__WORK TO BE COMPLETED__
Of all the entries below, only the lines from the one with "The exterior of" up to and including the one with "504 Vintage Cambodian" are to be duplicated exactly.

__THE INPUT__
════════════════════

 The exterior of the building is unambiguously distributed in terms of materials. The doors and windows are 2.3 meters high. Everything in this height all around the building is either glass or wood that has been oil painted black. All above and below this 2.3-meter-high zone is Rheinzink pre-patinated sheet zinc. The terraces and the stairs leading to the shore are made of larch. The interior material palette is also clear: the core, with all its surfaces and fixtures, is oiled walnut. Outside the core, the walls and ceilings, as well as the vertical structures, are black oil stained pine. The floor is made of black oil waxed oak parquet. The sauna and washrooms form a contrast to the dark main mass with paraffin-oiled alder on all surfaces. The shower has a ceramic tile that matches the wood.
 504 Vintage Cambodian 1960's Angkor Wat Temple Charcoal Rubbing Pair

════════════════════

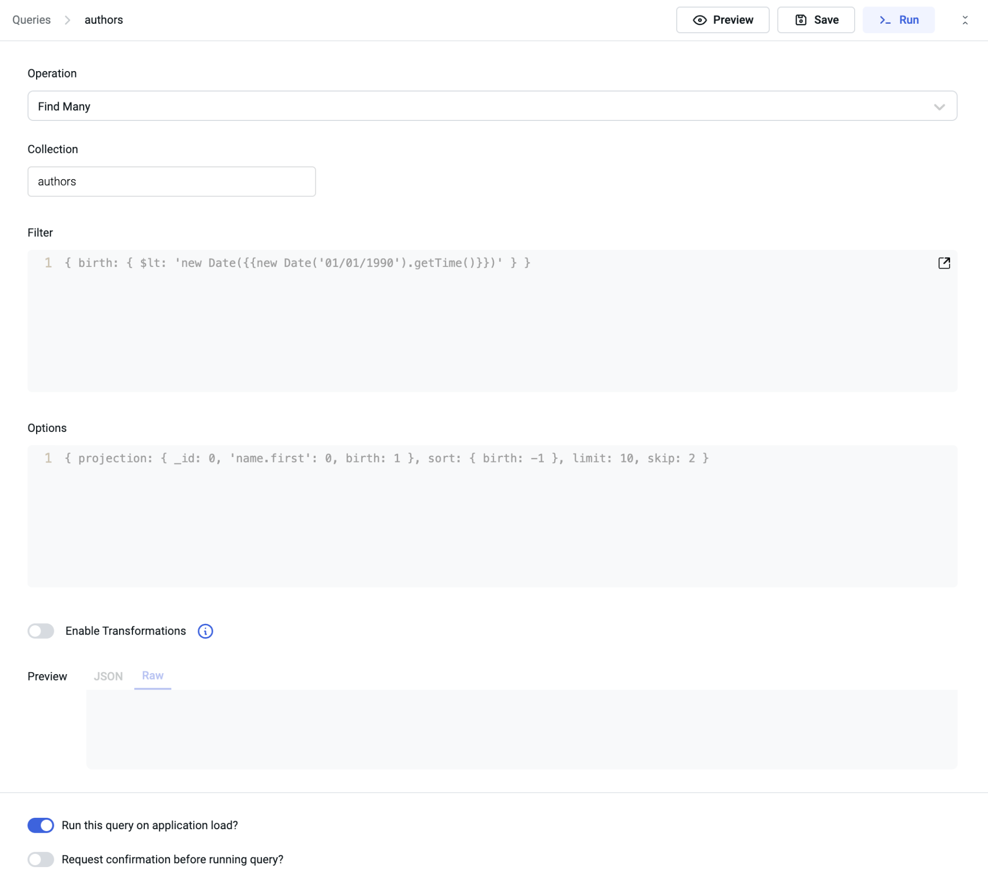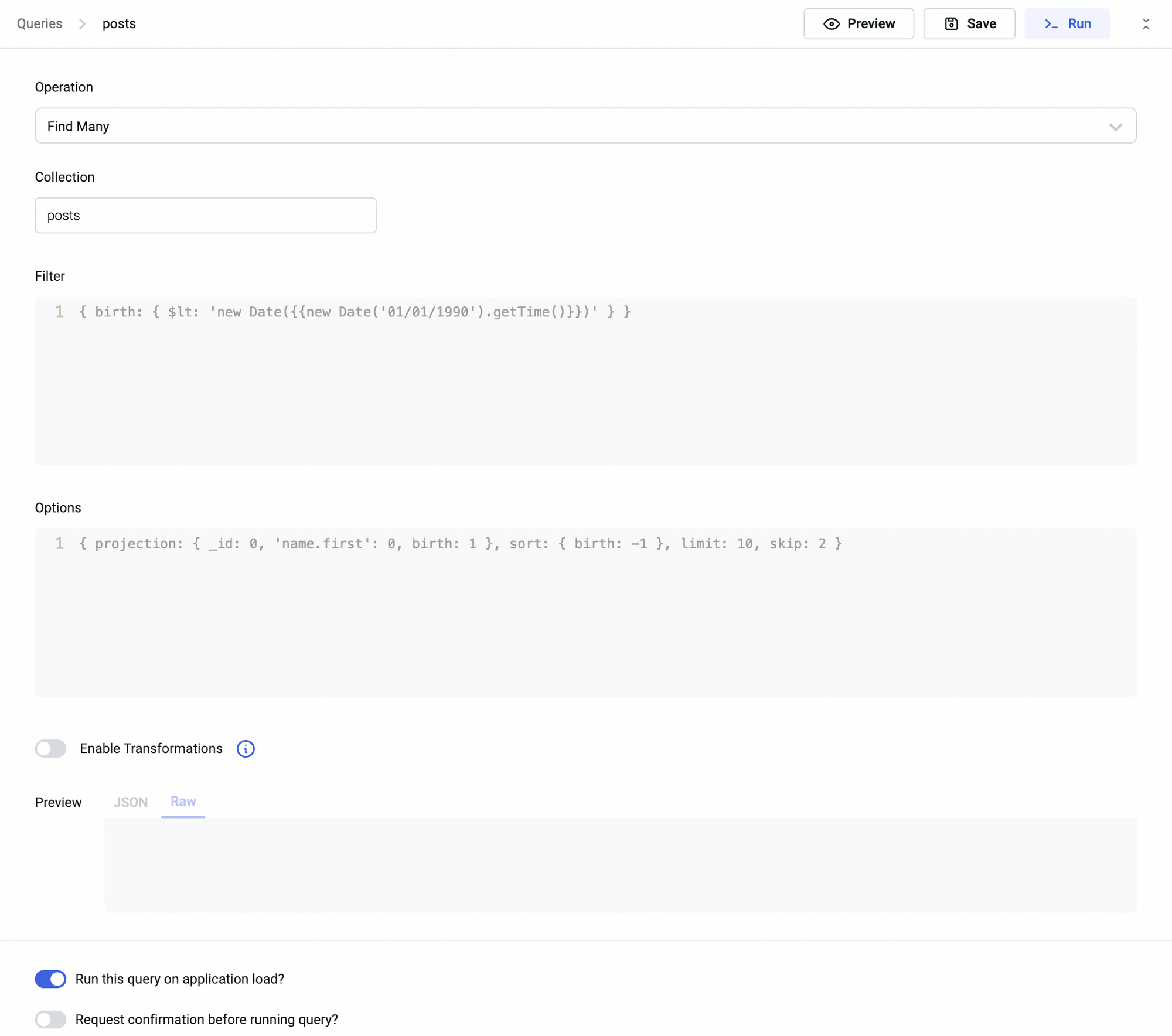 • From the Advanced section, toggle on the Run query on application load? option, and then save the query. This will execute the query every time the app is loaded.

════════════════════

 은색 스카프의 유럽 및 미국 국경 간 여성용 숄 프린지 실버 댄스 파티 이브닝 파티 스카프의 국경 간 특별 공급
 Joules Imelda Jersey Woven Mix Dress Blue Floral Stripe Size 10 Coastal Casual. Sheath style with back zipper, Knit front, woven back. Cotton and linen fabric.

════════════════════

__RESULT__
 The exterior of the building is unambiguously distributed in terms of materials. The doors and windows are 2.3 meters high. Everything in this height all around the building is either glass or wood that has been oil painted black. All above and below this 2.3-meter-high zone is Rheinzink pre-patinated sheet zinc. The terraces and the stairs leading to the shore are made of larch. The interior material palette is also clear: the core, with all its surfaces and fixtures, is oiled walnut. Outside the core, the walls and ceilings, as well as the vertical structures, are black oil stained pine. The floor is made of black oil waxed oak parquet. The sauna and washrooms form a contrast to the dark main mass with paraffin-oiled alder on all surfaces. The shower has a ceramic tile that matches the wood.
 504 Vintage Cambodian 1960's Angkor Wat Temple Charcoal Rubbing Pair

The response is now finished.